__TASK PROMPT__. Go through the listing below and write out exactly the lines from the one that mentions "Ingredientes: Harina de" through the one that mentions "Icon Baskılı Bisiklet Yaka Sweatshirt Yeşil", minus the pictures.

__DATA EXTRACTS__.
- - - -
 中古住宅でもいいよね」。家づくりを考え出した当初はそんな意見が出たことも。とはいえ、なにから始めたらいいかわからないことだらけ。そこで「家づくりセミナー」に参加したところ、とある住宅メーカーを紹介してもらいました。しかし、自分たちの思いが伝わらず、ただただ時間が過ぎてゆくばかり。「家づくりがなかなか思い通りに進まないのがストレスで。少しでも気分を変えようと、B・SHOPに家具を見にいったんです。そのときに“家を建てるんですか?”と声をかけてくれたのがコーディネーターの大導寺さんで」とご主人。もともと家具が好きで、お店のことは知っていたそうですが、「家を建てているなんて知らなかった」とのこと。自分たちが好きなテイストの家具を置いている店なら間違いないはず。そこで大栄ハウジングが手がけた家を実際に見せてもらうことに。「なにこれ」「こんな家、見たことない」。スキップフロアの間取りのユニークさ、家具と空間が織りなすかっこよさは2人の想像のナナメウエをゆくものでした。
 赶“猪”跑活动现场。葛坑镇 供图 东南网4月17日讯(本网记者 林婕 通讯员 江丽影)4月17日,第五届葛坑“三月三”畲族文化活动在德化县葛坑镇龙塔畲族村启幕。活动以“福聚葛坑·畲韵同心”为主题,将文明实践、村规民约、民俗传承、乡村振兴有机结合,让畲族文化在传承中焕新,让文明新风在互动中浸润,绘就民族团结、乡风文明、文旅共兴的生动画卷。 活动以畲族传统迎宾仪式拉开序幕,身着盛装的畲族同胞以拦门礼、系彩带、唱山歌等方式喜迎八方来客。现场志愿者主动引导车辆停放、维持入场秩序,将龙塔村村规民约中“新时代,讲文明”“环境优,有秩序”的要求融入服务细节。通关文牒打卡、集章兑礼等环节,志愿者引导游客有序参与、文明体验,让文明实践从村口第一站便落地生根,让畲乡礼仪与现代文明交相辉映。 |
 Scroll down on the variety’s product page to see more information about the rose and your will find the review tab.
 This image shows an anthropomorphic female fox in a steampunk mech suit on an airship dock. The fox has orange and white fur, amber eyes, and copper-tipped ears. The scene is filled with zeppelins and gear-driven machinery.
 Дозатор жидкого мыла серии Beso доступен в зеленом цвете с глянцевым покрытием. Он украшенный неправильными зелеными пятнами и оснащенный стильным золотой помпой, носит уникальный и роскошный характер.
- - - -
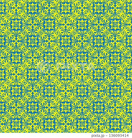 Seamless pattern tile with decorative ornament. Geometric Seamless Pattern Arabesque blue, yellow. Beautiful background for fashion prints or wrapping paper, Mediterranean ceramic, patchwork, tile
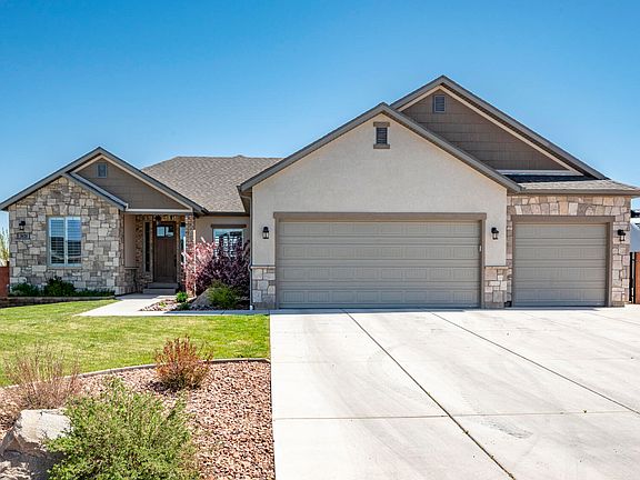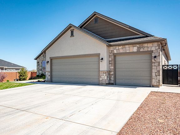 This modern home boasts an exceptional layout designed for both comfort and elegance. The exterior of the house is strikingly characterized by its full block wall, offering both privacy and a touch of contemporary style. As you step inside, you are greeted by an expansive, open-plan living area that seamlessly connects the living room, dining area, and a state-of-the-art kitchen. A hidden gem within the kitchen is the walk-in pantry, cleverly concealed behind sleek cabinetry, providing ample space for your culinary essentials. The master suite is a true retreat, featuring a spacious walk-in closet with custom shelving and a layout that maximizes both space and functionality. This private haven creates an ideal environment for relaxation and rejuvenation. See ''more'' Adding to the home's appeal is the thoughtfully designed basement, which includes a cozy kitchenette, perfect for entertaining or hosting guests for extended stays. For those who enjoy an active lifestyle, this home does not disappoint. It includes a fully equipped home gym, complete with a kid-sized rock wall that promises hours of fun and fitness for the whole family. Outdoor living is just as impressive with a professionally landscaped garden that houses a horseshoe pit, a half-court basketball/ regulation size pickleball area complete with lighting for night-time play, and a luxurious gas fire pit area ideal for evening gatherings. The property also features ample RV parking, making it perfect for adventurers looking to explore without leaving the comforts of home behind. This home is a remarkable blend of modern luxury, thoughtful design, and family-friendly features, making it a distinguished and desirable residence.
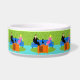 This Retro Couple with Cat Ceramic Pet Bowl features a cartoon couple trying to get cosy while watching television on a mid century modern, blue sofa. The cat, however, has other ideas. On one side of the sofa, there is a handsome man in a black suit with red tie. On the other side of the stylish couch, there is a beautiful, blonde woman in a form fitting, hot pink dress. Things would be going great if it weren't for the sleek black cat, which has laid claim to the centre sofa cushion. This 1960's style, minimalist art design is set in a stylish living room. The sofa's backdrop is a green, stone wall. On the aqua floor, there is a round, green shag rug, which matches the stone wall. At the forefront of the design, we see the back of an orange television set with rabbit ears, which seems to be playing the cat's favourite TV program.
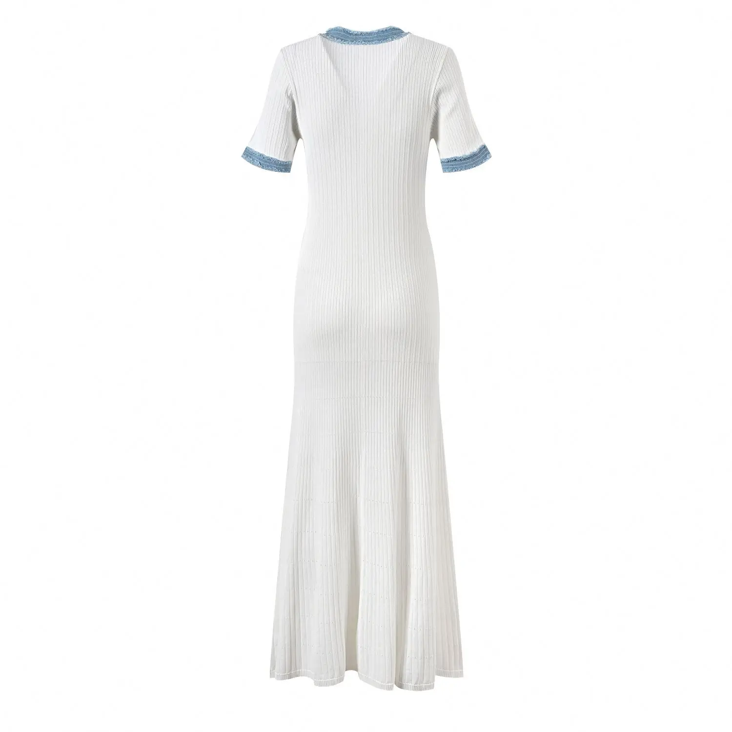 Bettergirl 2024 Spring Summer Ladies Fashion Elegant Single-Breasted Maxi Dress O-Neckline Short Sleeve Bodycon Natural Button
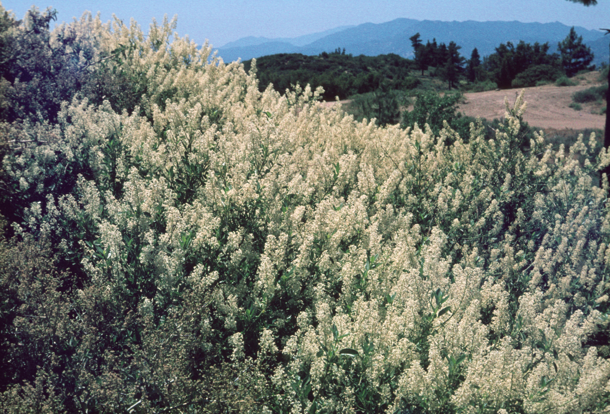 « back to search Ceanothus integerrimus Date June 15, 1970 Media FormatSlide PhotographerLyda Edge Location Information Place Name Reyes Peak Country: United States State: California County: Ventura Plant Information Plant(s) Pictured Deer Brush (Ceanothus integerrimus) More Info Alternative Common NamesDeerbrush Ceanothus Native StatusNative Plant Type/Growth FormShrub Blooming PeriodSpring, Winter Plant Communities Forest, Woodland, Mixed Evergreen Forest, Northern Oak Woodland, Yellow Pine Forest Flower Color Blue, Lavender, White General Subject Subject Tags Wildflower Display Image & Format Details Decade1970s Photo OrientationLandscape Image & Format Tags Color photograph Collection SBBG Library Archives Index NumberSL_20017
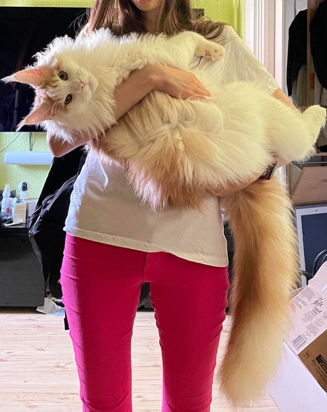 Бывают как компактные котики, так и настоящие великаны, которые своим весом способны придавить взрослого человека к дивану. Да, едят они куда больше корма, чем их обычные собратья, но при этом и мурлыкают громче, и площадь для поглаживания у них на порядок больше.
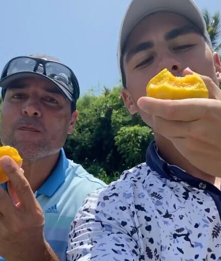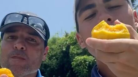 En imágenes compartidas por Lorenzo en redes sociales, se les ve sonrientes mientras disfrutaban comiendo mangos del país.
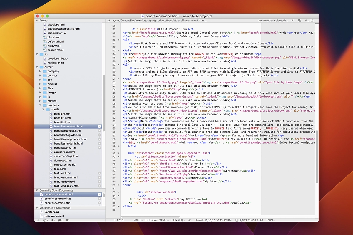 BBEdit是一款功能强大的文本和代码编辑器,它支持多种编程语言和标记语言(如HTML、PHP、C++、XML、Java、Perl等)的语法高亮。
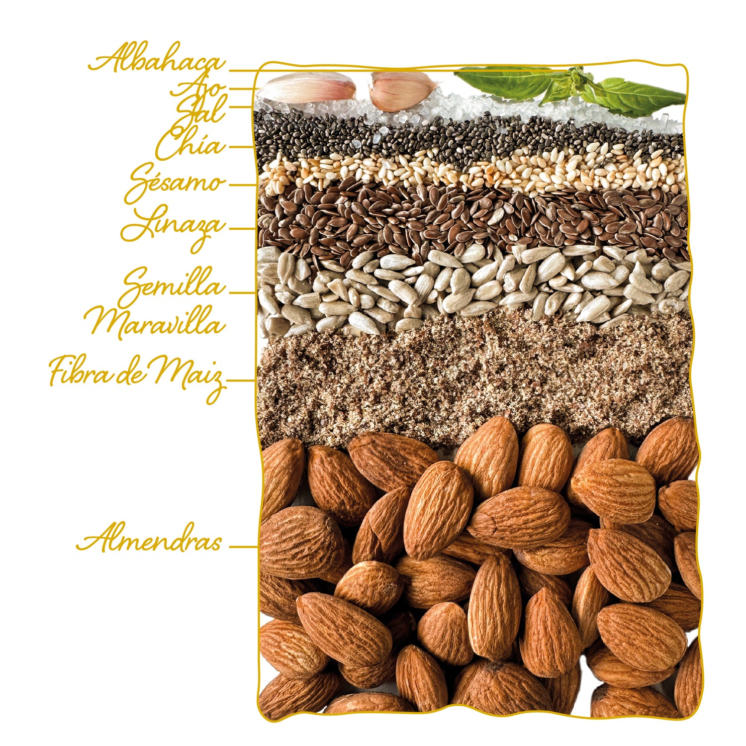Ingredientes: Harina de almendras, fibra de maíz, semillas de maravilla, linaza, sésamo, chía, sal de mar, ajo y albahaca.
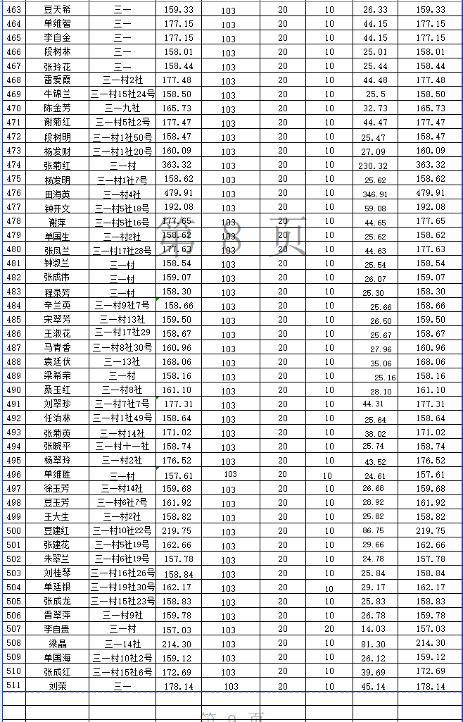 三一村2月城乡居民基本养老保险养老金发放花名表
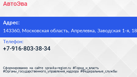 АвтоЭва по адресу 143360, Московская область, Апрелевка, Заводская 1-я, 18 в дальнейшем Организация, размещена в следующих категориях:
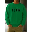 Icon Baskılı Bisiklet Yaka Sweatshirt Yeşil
- - - -
__YOUR RESPONSE__.
Ingredientes: Harina de almendras, fibra de maíz, semillas de maravilla, linaza, sésamo, chía, sal de mar, ajo y albahaca.
 三一村2月城乡居民基本养老保险养老金发放花名表
 АвтоЭва по адресу 143360, Московская область, Апрелевка, Заводская 1-я, 18 в дальнейшем Организация, размещена в следующих категориях:
 Icon Baskılı Bisiklet Yaka Sweatshirt Yeşil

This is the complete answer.